Why do institutions do this? When they need massive volume, they don't find all the liquidity in one place. So they push the price aggressively, create these gaps, and later return to fill the remaining orders. It's mechanical, predictable — and that's where your advantage begins.

To identify an FVG, you look at three candles. The first is bearish, the second surges strongly (it's the impulsion), and the third pulls back slightly. Between the top of the first and the bottom of the third, you have your gap. On 1H or 4H charts, these zones become really clear. I always mark them with the rectangle tool for a clean visual.

The really powerful thing is when you combine FVG trading with market structure. Imagine: the price breaks a previous high (BOS), creates an FVG during the move, then retraces to fill that zone. That's a huge confluence. Add to that an order block nearby, and you have a nearly surgical trading zone.
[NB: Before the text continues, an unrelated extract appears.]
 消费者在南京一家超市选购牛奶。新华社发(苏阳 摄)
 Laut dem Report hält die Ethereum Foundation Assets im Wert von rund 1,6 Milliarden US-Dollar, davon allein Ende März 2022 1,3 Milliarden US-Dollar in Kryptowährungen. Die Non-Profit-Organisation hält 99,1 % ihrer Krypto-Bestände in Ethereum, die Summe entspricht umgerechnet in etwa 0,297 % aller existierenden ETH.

Let me give you a concrete example. On BTC/USDT on the 1H, a bullish BOS formed. The impulsive candle created an FVG between $62,000 and $62,600. The next day, the price returned to $62,300. On the 15min, I waited for a bullish engulfing confirmation. Entry at $62,350, stop-loss at $62,100, and target above $63,200. Result: net gain with minimal risk. That’s FVG trading in action.

Now, the crucial part: risk management. Never more than 1-2% per trade. Your stop-loss should be below the FVG or below the last swing — somewhere that makes logical sense. Your take profits are at the previous high or the next liquidity zone. And honestly, keep a journal. Every FVG trade you make, note it. That’s how you really learn.

The best timeframes? The 4H and 1H to identify the real institutional zones. Then 15min or 5min to refine your entry. And if you're a pro scalper, you can go down to 1min, but always with a higher timeframe confluence.

What really changes the game is when you combine multiple elements. FVG + market structure + order block + liquidity sweep. Each layer you add increases your probability. It’s not luck, it’s market mechanics.

Honestly, if you want to trade like a pro, understanding FVG trading is not optional. It’s a weapon. But don’t use it alone — it works a thousand times better when you couple it with other confluences. Structure, orders, liquidity, all together. That’s how you truly trade with institutions, not against them.